The Compelling Value of the Growth Mindset

Carol S Dweck – Mindset: The New Psychology of Success, 2006

As I wrote my article Improving Learning in 253 Words I knew the challenge of limiting myself to so few words would come at the cost of chopping out major sections of what is involved in establishing vision. This is set in direct contrast to what you will read in some management theory which portrays various ways of organising people using wonderful, complicated diagrams which would blow your mind or make you look intelligent, or both.

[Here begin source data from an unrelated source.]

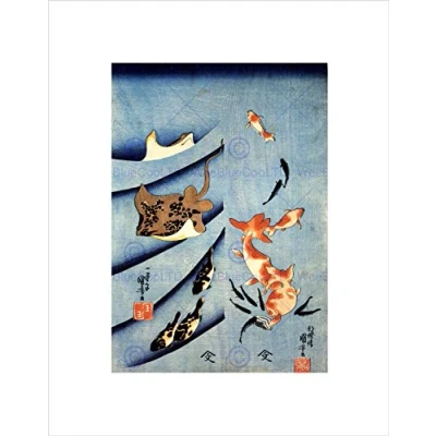 Wee Blue Coo Animals Fish Stingray Carp Utagawa Kuniyoshi Japan Wall Art Print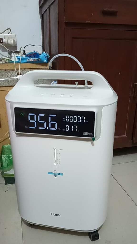 这款海尔制氧机放在卧室角落,机身无异味,开机出氧顺畅,湿化杯加水简单,日常用还可用。技术是分子筛+变压吸附结合,据说提高出氧纯度,过滤有HEPA网滤花粉等,一般。不过阴湿天气或房间湿度高时,浓度从92%降到85%,得开窗户通风才恢复,场景下浓度不稳定,有点麻烦。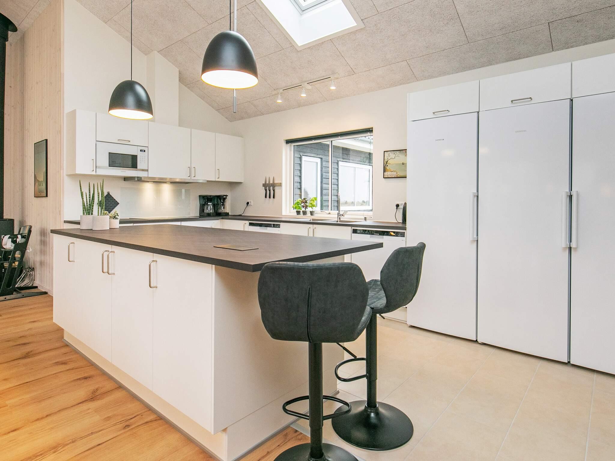 Når I alle skal kokkerere sammen er der god plads til dette i sommerhusets store køkken/alrum, som udover at være hyggeligt indrettet også er veludstyret med to ovne, to opvaskemaskiner og to store køleskabe. Afslutningsvist kan den gode mad nydes ved rummets lange spisebord, hvor hele familien kan samles.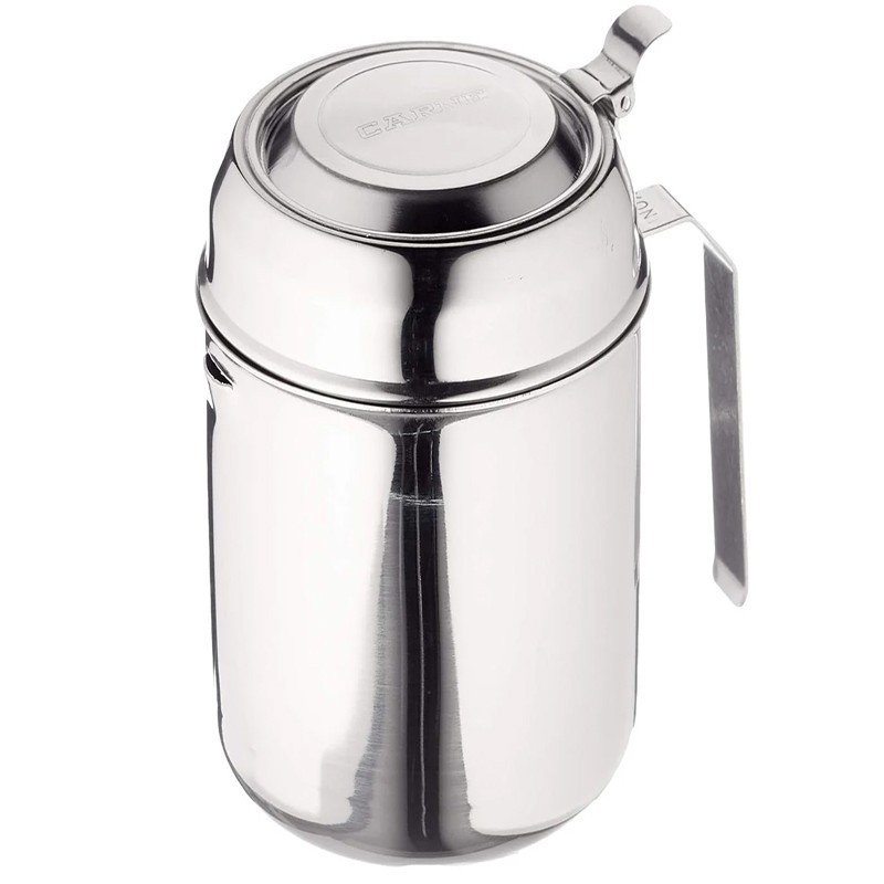 Este recuperador de óleo ou grasera é muito prático e serve para economizar o precioso óleo em nossas frituras. É fabricado em aço inoxidável, dispõe de tampa e, para garantir uma filtragem e higiene perfeitas, incorpora um filtro removível.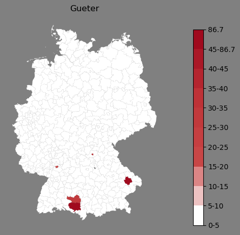 Relative Verteilung des Namens Gueter (1996)Direkt zur Karte Die Farbskala zeigt die Anzahl von "Gueter" bezogen auf je 1 Million Einträge. |

For an excellent example of this I would advise you to read Caldwell & Spinks’ Leading the Self-Managing School, 1992, who famously said important things about managing schools. I have to say I was left feeling sceptical about Caldwell & Spinks as they portrayed effective self-management as a gargantuan task not lessened any by their mind-boggling collection of plans, arrows, circles, numbers, symbols and labels. However, to my mind the success of the book and the self-managing model as a whole is that the philosophy which underpins it is a good one. Even when I so innocently and, perhaps naively first read this book, long before being first appointed a headteacher, I understood the challenges were numerous and I questioned if their goal was achievable at all, especially when Ofsted is due and time is not in abundance. At very least, however, Caldwell & Spinks generated a list of qualities required for the leader of the modern school (‘demonstrates responsibility’, ‘task completion’, ‘risk taking’, ‘ability to handle stress’, ‘self-confidence’, ‘originality’, ‘energy’, ‘persistence’, ‘capacity to influence’, ‘capacity to coordinate others’) which was helpful while challenging, representing a significant development in the understanding of what it means to be a successful people manager. Ten years later, I am still of the opinion that Caldwell & Spinks’ systems and various plans are by no means as important as people, and working with them ‘shoulder to shoulder’. With hindsight, and an abundance of experience, however, Leading the Self-Managing School, appears to understand so little of the reality of changing schools as they are very peculiar beasts amongst organisations and teachers are a very protected and distinct species among them.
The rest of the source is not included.